Endothelin antagonist-induced coronary and systemic arteritis in the beagle dog

Two endothelin antagonists, ZD1611 (3-[4-[3-(3-methoxy-5-methylpyrazin-2-ylsulfamoyl)-2-pyridyl]phenyl]-2,2-dimethylpropanoic acid) and ZD2574 (2-(4-isobutylphenyl)-N-(3-methoxy-5-methylpyrazin-2-yl)pyridine-3-sulfonamide), selective for the ET(A) receptor and intended for use in pulmonary hypertension, were tested in Beagle dogs at various doses for periods of up to 4 weeks.

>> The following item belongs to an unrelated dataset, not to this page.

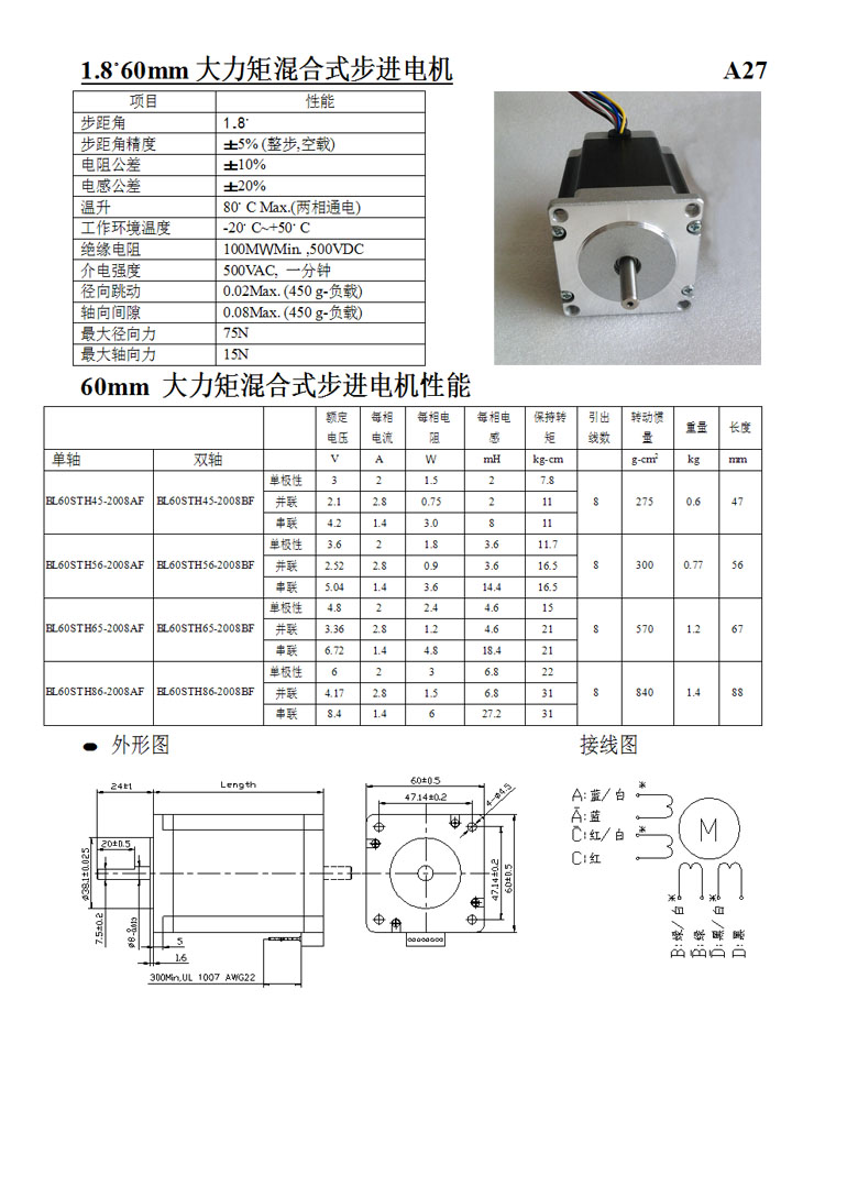 | 1.8°60mm兩相大力矩混合式步進電機 |

These studies included in vivo telemetric hemodynamic assessment, full histopathological and ultrastructural pathological evaluation of coronary arteries. Both drugs produced arteritis in small- and medium-sized coronary arteries after single or multiple doses, some of which were at or below the ED50. The distribution of lesions was predominantly in extramural arteries over the atria and atrioventricular groove of the right side of the heart and consisted of epicardial hemorrhage and arteritis. Systemic arteritis was also present at a lower incidence than the coronary arteritis, was located at different sites and appeared inconsistently. Ultrastructural changes in coronary arteries suggested that damage was the result of mechanical factors. Although these patterns of vascular injury possessed features in common with those induced in dogs by high doses of vasodilating antihypertensive drugs and inotropic agents, they were atypical, as there was no left ventricular myocardial necrosis, papillary muscle damage, or subendocardial hemorrhage suggestive of ischaemia or excessive inotropism. Moreover, physiological monitoring showed no evidence of exaggerated systemic hypotension or reflex tachycardia at doses associated with vascular damage. Consequently, the changes might be the result of a localized pharmacological process such as intense, prolonged vasodilatation in unsupported arteries that are well endowed with endothelin receptors and particularly sensitive to endothelin antagonism.